Bupati asal Nusa Ceningan ini mengumumkan dirinya keluar dari Partai Gerindra dan langsung melayangkan surat pernyataan pengunduran diri bermaterai Rp 6.000 besera kartu tanda anggota (KTA) Gerindra miliknya ke Kantor DPC Partai Gerindra Klungkung pada Kamis (23/5) lalu.

Di dalam surat pernyataan pengunduran diri tertanggal 23 Mei 2019 yang ditujukan pada Ketua DPC Partai Gerindra Klungkung, I Nyoman Suwirta mengungkapkan secara terbuka alasan dirinya memilih mundur dari Partai Gerindra.

Adapun alasan yang paling utama adalah karena ia ingin fokus menyelesaikan tugasnya sebagai Bupati Klungkung.

Baca Juga: Terbukti Gelembungkan Suara Caleg Gerindra di Bengkulu, Polisi Lakukan Ini pada 3 Anggota PPK

Ketika ditemui untuk dimintai konfirmasi, Bupati Klungkung I Nyoman Suwirta mengaku bahwa hingga saat ini ia merasa belum menjadi seorang politisi.

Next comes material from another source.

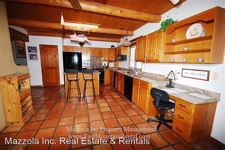 Classic 2-story Pueblo-style with fantastic views of Sandia Mountains and Sedillo Valley, 3-4 BR / 3 full baths, open living floor plan, Southwestern vigas & latillas, master suite upstairs, guest suite downstairs (could also be master), home office / library or 4th bedroom, knotty pine and granite kitchen with walk-in pantry, front porch, full deck, covered back porch with solar shades, south-facing passive solar orientation, radiant in-floor heat throughout plus circulating heat kiva fireplace in vaulted ceiling great room, garage workshop & built-in cabinets. 5 acres partially wooded with fenced pastures plus Invisible Fence installed for dogs, 3 field faucets for irrigation, 2 barns (incl 1 horse stall), 2 chicken coops. Entranosa community water service. Great property for permaculture or self-sufficient living. Plan to list FSBO March 2012, but welcome earlier inquiries.

Selain itu, ia juga mengakui bahwa dirinya belum dapat melakukan banyak hal untuk partai, lantaran terlalu fokus mengabdikan diri kepada masyarakat sebagai Bupati Klungkung.

“Saya dulu juga bukan orang partai, sehingga pikiran saya lebih banyak meng-entrepreneur masyarakat,” ungkap Suwirta, seperti yang dilansir JPNN dari Radar Bali, pada Jumat (24/5).

Pada saat itulah ia merasa tak lagi dibutuhkan hingga akhirnya mendapat jalan untuk keluar dari Partai Gerindra. “Waktu itu saya mau berkomentar di grup, kok tidak bisa. Setelah saya tanya salah satu anggota grup, dijelaskan kalau saya telah dikeluarkan,” tuturnya.

“Itu baru saya tahu dua hari jelang keberangkatan saya ke Malaysia untuk cek kesehatan. Karena tidak menyangka, saya sempat coba lagi saat di bandara. Ternyata tidak bisa juga,” jelas Suwirta.

Berawal dari hal itulah muncul niatan untuk mundur dari Partai Gerindra. Dan keputusan tersebut pun ia ambil dengan menyerahkan surat pengunduran diri kemarin.

“Katanya (Gerindra) mau bersih-bersih, berarti saya kotor. Karena saya menganggap saya kotoran di sana, saya keluar saja. Mereka kasih jalan, ya saya harus tahu diri karena saya bukan anggota partai yang militant,” pungkas Suwirta tegas.